=== RECORDS SUPPLIED ===

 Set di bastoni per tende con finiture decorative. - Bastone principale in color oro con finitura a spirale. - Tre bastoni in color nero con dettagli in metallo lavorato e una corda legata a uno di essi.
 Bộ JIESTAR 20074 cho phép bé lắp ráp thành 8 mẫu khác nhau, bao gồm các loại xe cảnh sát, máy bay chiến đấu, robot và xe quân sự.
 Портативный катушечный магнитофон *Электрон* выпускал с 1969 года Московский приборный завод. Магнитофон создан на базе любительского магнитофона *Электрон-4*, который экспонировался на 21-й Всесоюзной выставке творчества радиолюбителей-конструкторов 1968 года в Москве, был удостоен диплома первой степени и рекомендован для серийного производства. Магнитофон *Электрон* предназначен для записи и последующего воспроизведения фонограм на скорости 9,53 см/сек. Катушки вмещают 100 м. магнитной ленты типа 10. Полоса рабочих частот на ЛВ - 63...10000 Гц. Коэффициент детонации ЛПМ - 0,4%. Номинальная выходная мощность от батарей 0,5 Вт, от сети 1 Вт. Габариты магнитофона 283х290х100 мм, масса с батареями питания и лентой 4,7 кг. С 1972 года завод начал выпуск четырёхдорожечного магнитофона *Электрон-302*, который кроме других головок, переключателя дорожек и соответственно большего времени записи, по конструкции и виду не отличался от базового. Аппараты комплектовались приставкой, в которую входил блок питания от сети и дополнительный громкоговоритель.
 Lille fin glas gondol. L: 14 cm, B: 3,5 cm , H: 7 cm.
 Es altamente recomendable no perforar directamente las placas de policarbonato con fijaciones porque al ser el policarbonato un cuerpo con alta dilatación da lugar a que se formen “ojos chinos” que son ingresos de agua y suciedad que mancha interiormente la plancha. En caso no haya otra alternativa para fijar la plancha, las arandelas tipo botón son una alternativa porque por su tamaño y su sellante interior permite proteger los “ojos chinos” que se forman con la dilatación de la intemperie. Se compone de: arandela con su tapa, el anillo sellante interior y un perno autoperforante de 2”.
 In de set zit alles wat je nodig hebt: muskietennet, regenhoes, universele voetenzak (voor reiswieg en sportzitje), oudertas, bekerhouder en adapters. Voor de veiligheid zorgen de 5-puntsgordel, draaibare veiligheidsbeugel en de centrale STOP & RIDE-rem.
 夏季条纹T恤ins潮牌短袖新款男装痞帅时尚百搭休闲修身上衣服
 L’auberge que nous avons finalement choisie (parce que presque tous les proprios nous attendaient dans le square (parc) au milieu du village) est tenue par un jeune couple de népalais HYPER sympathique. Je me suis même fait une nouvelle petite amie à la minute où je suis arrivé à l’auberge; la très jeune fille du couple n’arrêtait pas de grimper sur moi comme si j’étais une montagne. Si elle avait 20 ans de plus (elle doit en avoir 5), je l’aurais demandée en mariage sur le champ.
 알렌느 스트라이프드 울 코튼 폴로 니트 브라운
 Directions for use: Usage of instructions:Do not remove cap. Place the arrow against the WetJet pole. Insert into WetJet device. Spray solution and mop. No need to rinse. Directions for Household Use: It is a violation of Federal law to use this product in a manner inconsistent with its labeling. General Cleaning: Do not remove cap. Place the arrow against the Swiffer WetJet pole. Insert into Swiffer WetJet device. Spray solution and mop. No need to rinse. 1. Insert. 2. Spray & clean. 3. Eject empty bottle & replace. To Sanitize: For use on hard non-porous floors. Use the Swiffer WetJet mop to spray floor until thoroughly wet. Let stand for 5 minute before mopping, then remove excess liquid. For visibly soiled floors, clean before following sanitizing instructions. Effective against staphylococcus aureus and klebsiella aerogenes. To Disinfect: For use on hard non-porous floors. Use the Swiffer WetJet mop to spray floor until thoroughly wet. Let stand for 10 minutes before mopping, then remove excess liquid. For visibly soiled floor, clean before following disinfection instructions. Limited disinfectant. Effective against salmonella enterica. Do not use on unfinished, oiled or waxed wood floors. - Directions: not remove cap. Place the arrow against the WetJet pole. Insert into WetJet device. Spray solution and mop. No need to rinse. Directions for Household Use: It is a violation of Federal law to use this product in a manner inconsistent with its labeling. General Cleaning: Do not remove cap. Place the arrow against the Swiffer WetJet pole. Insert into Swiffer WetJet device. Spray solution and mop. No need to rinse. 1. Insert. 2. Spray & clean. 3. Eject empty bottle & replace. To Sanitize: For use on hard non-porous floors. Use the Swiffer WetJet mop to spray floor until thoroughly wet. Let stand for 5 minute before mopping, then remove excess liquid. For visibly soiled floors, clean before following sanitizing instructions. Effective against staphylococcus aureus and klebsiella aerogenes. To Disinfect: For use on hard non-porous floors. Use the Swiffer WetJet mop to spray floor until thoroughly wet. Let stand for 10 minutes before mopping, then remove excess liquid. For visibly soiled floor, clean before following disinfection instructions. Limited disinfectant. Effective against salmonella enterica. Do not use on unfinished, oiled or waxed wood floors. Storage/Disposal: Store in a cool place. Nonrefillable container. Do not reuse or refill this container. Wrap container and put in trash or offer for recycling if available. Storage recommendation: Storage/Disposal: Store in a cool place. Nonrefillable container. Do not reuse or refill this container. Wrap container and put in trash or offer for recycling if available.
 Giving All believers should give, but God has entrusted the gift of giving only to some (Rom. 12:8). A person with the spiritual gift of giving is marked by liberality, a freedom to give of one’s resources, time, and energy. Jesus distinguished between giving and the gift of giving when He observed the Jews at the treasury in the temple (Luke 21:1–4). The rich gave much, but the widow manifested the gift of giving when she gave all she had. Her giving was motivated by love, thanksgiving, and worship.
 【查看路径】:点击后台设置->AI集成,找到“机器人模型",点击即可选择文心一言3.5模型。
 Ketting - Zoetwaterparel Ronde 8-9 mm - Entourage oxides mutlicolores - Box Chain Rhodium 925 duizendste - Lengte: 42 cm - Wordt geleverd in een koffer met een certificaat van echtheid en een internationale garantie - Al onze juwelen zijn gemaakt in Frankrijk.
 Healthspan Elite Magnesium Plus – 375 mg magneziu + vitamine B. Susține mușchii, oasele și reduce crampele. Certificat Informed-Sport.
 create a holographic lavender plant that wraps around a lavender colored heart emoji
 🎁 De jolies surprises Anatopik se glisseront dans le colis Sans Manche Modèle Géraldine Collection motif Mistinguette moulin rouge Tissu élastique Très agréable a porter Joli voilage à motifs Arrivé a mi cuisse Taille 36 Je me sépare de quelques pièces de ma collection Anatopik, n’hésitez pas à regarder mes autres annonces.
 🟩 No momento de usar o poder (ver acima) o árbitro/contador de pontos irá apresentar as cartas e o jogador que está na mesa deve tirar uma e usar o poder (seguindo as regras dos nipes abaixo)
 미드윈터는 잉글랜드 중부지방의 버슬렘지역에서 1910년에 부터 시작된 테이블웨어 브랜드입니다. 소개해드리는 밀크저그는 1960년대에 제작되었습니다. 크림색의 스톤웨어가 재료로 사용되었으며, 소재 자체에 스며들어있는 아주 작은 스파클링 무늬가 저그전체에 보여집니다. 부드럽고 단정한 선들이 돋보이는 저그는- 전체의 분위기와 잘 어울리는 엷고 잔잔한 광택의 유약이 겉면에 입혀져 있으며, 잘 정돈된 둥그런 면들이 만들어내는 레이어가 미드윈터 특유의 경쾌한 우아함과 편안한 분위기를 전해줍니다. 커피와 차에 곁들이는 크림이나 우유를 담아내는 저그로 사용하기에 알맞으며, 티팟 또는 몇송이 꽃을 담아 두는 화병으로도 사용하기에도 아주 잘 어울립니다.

===

• **DIRECTIONS**:
In full and without alteration, write out the data above.

• **ANSWER BOX**:
 Set di bastoni per tende con finiture decorative. - Bastone principale in color oro con finitura a spirale. - Tre bastoni in color nero con dettagli in metallo lavorato e una corda legata a uno di essi.
 Bộ JIESTAR 20074 cho phép bé lắp ráp thành 8 mẫu khác nhau, bao gồm các loại xe cảnh sát, máy bay chiến đấu, robot và xe quân sự.
 Портативный катушечный магнитофон *Электрон* выпускал с 1969 года Московский приборный завод. Магнитофон создан на базе любительского магнитофона *Электрон-4*, который экспонировался на 21-й Всесоюзной выставке творчества радиолюбителей-конструкторов 1968 года в Москве, был удостоен диплома первой степени и рекомендован для серийного производства. Магнитофон *Электрон* предназначен для записи и последующего воспроизведения фонограм на скорости 9,53 см/сек. Катушки вмещают 100 м. магнитной ленты типа 10. Полоса рабочих частот на ЛВ - 63...10000 Гц. Коэффициент детонации ЛПМ - 0,4%. Номинальная выходная мощность от батарей 0,5 Вт, от сети 1 Вт. Габариты магнитофона 283х290х100 мм, масса с батареями питания и лентой 4,7 кг. С 1972 года завод начал выпуск четырёхдорожечного магнитофона *Электрон-302*, который кроме других головок, переключателя дорожек и соответственно большего времени записи, по конструкции и виду не отличался от базового. Аппараты комплектовались приставкой, в которую входил блок питания от сети и дополнительный громкоговоритель.
 Lille fin glas gondol. L: 14 cm, B: 3,5 cm , H: 7 cm.
 Es altamente recomendable no perforar directamente las placas de policarbonato con fijaciones porque al ser el policarbonato un cuerpo con alta dilatación da lugar a que se formen “ojos chinos” que son ingresos de agua y suciedad que mancha interiormente la plancha. En caso no haya otra alternativa para fijar la plancha, las arandelas tipo botón son una alternativa porque por su tamaño y su sellante interior permite proteger los “ojos chinos” que se forman con la dilatación de la intemperie. Se compone de: arandela con su tapa, el anillo sellante interior y un perno autoperforante de 2”.
 In de set zit alles wat je nodig hebt: muskietennet, regenhoes, universele voetenzak (voor reiswieg en sportzitje), oudertas, bekerhouder en adapters. Voor de veiligheid zorgen de 5-puntsgordel, draaibare veiligheidsbeugel en de centrale STOP & RIDE-rem.
 夏季条纹T恤ins潮牌短袖新款男装痞帅时尚百搭休闲修身上衣服
 L’auberge que nous avons finalement choisie (parce que presque tous les proprios nous attendaient dans le square (parc) au milieu du village) est tenue par un jeune couple de népalais HYPER sympathique. Je me suis même fait une nouvelle petite amie à la minute où je suis arrivé à l’auberge; la très jeune fille du couple n’arrêtait pas de grimper sur moi comme si j’étais une montagne. Si elle avait 20 ans de plus (elle doit en avoir 5), je l’aurais demandée en mariage sur le champ.
 알렌느 스트라이프드 울 코튼 폴로 니트 브라운
 Directions for use: Usage of instructions:Do not remove cap. Place the arrow against the WetJet pole. Insert into WetJet device. Spray solution and mop. No need to rinse. Directions for Household Use: It is a violation of Federal law to use this product in a manner inconsistent with its labeling. General Cleaning: Do not remove cap. Place the arrow against the Swiffer WetJet pole. Insert into Swiffer WetJet device. Spray solution and mop. No need to rinse. 1. Insert. 2. Spray & clean. 3. Eject empty bottle & replace. To Sanitize: For use on hard non-porous floors. Use the Swiffer WetJet mop to spray floor until thoroughly wet. Let stand for 5 minute before mopping, then remove excess liquid. For visibly soiled floors, clean before following sanitizing instructions. Effective against staphylococcus aureus and klebsiella aerogenes. To Disinfect: For use on hard non-porous floors. Use the Swiffer WetJet mop to spray floor until thoroughly wet. Let stand for 10 minutes before mopping, then remove excess liquid. For visibly soiled floor, clean before following disinfection instructions. Limited disinfectant. Effective against salmonella enterica. Do not use on unfinished, oiled or waxed wood floors. - Directions: not remove cap. Place the arrow against the WetJet pole. Insert into WetJet device. Spray solution and mop. No need to rinse. Directions for Household Use: It is a violation of Federal law to use this product in a manner inconsistent with its labeling. General Cleaning: Do not remove cap. Place the arrow against the Swiffer WetJet pole. Insert into Swiffer WetJet device. Spray solution and mop. No need to rinse. 1. Insert. 2. Spray & clean. 3. Eject empty bottle & replace. To Sanitize: For use on hard non-porous floors. Use the Swiffer WetJet mop to spray floor until thoroughly wet. Let stand for 5 minute before mopping, then remove excess liquid. For visibly soiled floors, clean before following sanitizing instructions. Effective against staphylococcus aureus and klebsiella aerogenes. To Disinfect: For use on hard non-porous floors. Use the Swiffer WetJet mop to spray floor until thoroughly wet. Let stand for 10 minutes before mopping, then remove excess liquid. For visibly soiled floor, clean before following disinfection instructions. Limited disinfectant. Effective against salmonella enterica. Do not use on unfinished, oiled or waxed wood floors. Storage/Disposal: Store in a cool place. Nonrefillable container. Do not reuse or refill this container. Wrap container and put in trash or offer for recycling if available. Storage recommendation: Storage/Disposal: Store in a cool place. Nonrefillable container. Do not reuse or refill this container. Wrap container and put in trash or offer for recycling if available.
 Giving All believers should give, but God has entrusted the gift of giving only to some (Rom. 12:8). A person with the spiritual gift of giving is marked by liberality, a freedom to give of one’s resources, time, and energy. Jesus distinguished between giving and the gift of giving when He observed the Jews at the treasury in the temple (Luke 21:1–4). The rich gave much, but the widow manifested the gift of giving when she gave all she had. Her giving was motivated by love, thanksgiving, and worship.
 【查看路径】:点击后台设置->AI集成,找到“机器人模型",点击即可选择文心一言3.5模型。
 Ketting - Zoetwaterparel Ronde 8-9 mm - Entourage oxides mutlicolores - Box Chain Rhodium 925 duizendste - Lengte: 42 cm - Wordt geleverd in een koffer met een certificaat van echtheid en een internationale garantie - Al onze juwelen zijn gemaakt in Frankrijk.
 Healthspan Elite Magnesium Plus – 375 mg magneziu + vitamine B. Susține mușchii, oasele și reduce crampele. Certificat Informed-Sport.
 create a holographic lavender plant that wraps around a lavender colored heart emoji
 🎁 De jolies surprises Anatopik se glisseront dans le colis Sans Manche Modèle Géraldine Collection motif Mistinguette moulin rouge Tissu élastique Très agréable a porter Joli voilage à motifs Arrivé a mi cuisse Taille 36 Je me sépare de quelques pièces de ma collection Anatopik, n’hésitez pas à regarder mes autres annonces.
 🟩 No momento de usar o poder (ver acima) o árbitro/contador de pontos irá apresentar as cartas e o jogador que está na mesa deve tirar uma e usar o poder (seguindo as regras dos nipes abaixo)
 미드윈터는 잉글랜드 중부지방의 버슬렘지역에서 1910년에 부터 시작된 테이블웨어 브랜드입니다. 소개해드리는 밀크저그는 1960년대에 제작되었습니다. 크림색의 스톤웨어가 재료로 사용되었으며, 소재 자체에 스며들어있는 아주 작은 스파클링 무늬가 저그전체에 보여집니다. 부드럽고 단정한 선들이 돋보이는 저그는- 전체의 분위기와 잘 어울리는 엷고 잔잔한 광택의 유약이 겉면에 입혀져 있으며, 잘 정돈된 둥그런 면들이 만들어내는 레이어가 미드윈터 특유의 경쾌한 우아함과 편안한 분위기를 전해줍니다. 커피와 차에 곁들이는 크림이나 우유를 담아내는 저그로 사용하기에 알맞으며, 티팟 또는 몇송이 꽃을 담아 두는 화병으로도 사용하기에도 아주 잘 어울립니다.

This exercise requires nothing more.